Ana Diéguez- Rodríguez. | José Luis Roca / Faro de Vigo

Ana Diéguez- Rodríguez. | José Luis Roca / Faro de Vigo

El Gobierno de Polonia reclamó, hace unos meses, un díptico flamenco de la Virgen Dolorosa y el Cristo coronado de espinas. Su argumento: esas obras, procedentes de la antigua colección Czartoryski, habían sido expoliadas por los nazis durante la Segunda Guerra Mundial. Antes de proceder a su entrega, el Museo de Pontevedra pidió un informe independiente del díptico a una de las principales expertas en el arte de la época en España: la doctora en Historia del Arte Ana Diéguez-Rodríguez, directora del Instituto Moll-Centro de Investigación de Pintura Flamenca. Una vez entregado su informe, Diéguez-Rodríguez habla con LA NUEVA ESPAÑA sobre el díptico y las circunstancias de su llegada a Galicia y la reclamación del Gobierno polaco.

–¿Cuándo se pone en contacto con usted el Museo de Pontevedra sobre este tema?
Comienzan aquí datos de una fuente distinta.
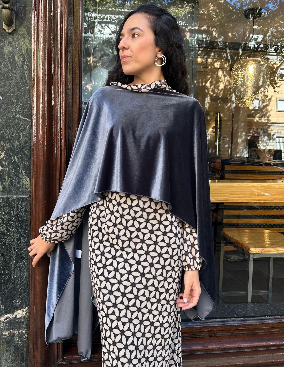 If you are looking for an infallible accessory for this season, this short guest cape made of velvet fabric, will be your ally! A cape in gray color super versatile and totally on trend. Perfect to elevate your look with style and elegance as well as to keep you warm and make it the star accessory for fall/winter events. We love to combine it with two-piece outfits, both plain and printed or dresses. In addition, you can wear it both in more formal occasions and in everyday looks.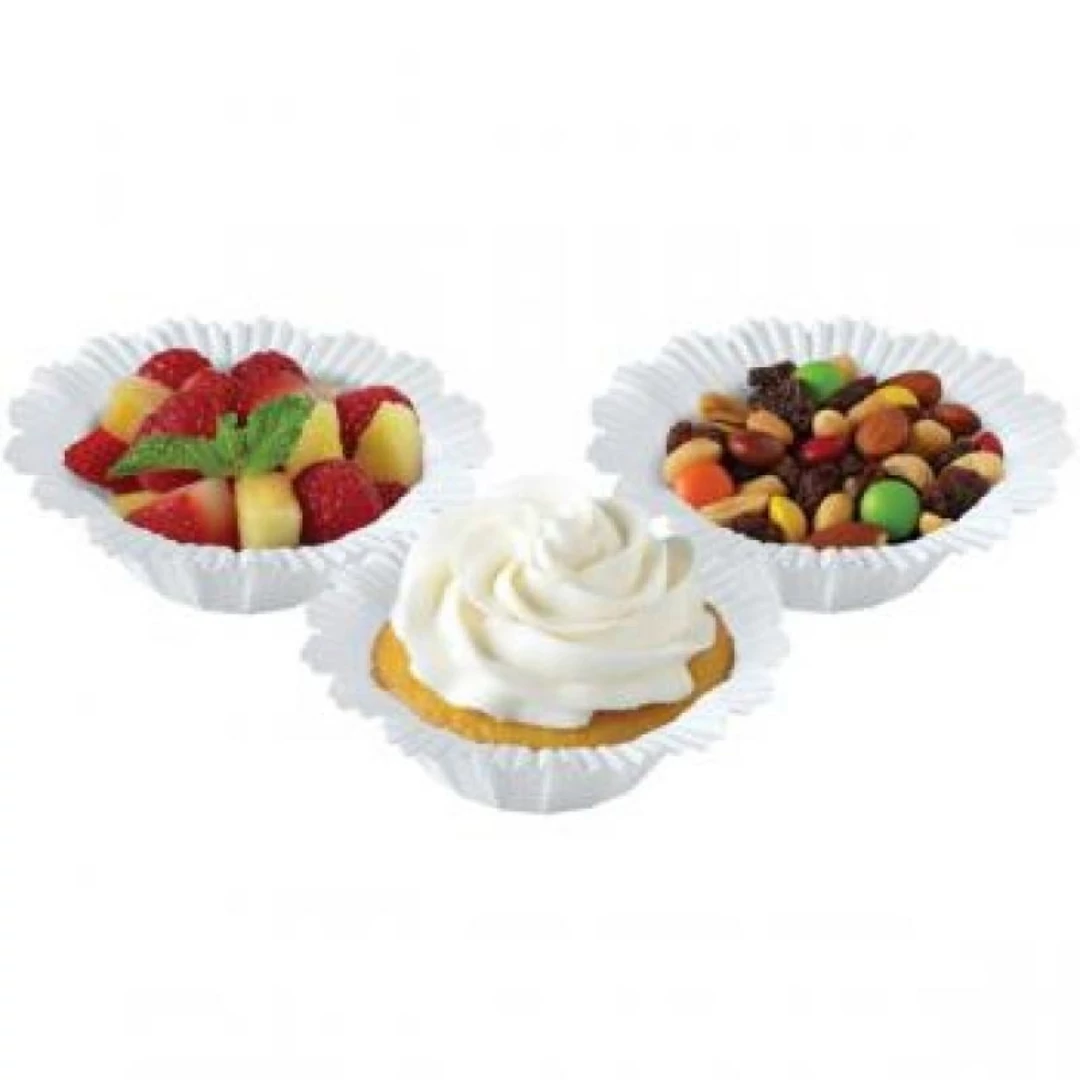 Virág formájú fehér muffin papírok, amelyek különleges és elegáns megjelenést adnak a desszerteknek. Ideális esküvőkre és ünnepi alkalmakra.

–Es el director del Museo de Pontevedra, José Manuel Rey García, quien me llama a mediados de diciembre, más o menos, para comentarme la situación que se les había planteado con unas piezas del museo de pintura flamenca, el Díptico de la Virgen Dolorosa y Cristo coronado de espinas, que les reclama el gobierno de Polonia como parte de la antigua colección Czartoryski en Guluchow, y que debieron salir del país polaco entre 1941 y 1944. El Museo de Pontevedra, de forma muy lógica, quería un informe histórico-artístico independiente al que ellos mismos habían elaborado sobre las piezas, y ahí es dónde entro yo.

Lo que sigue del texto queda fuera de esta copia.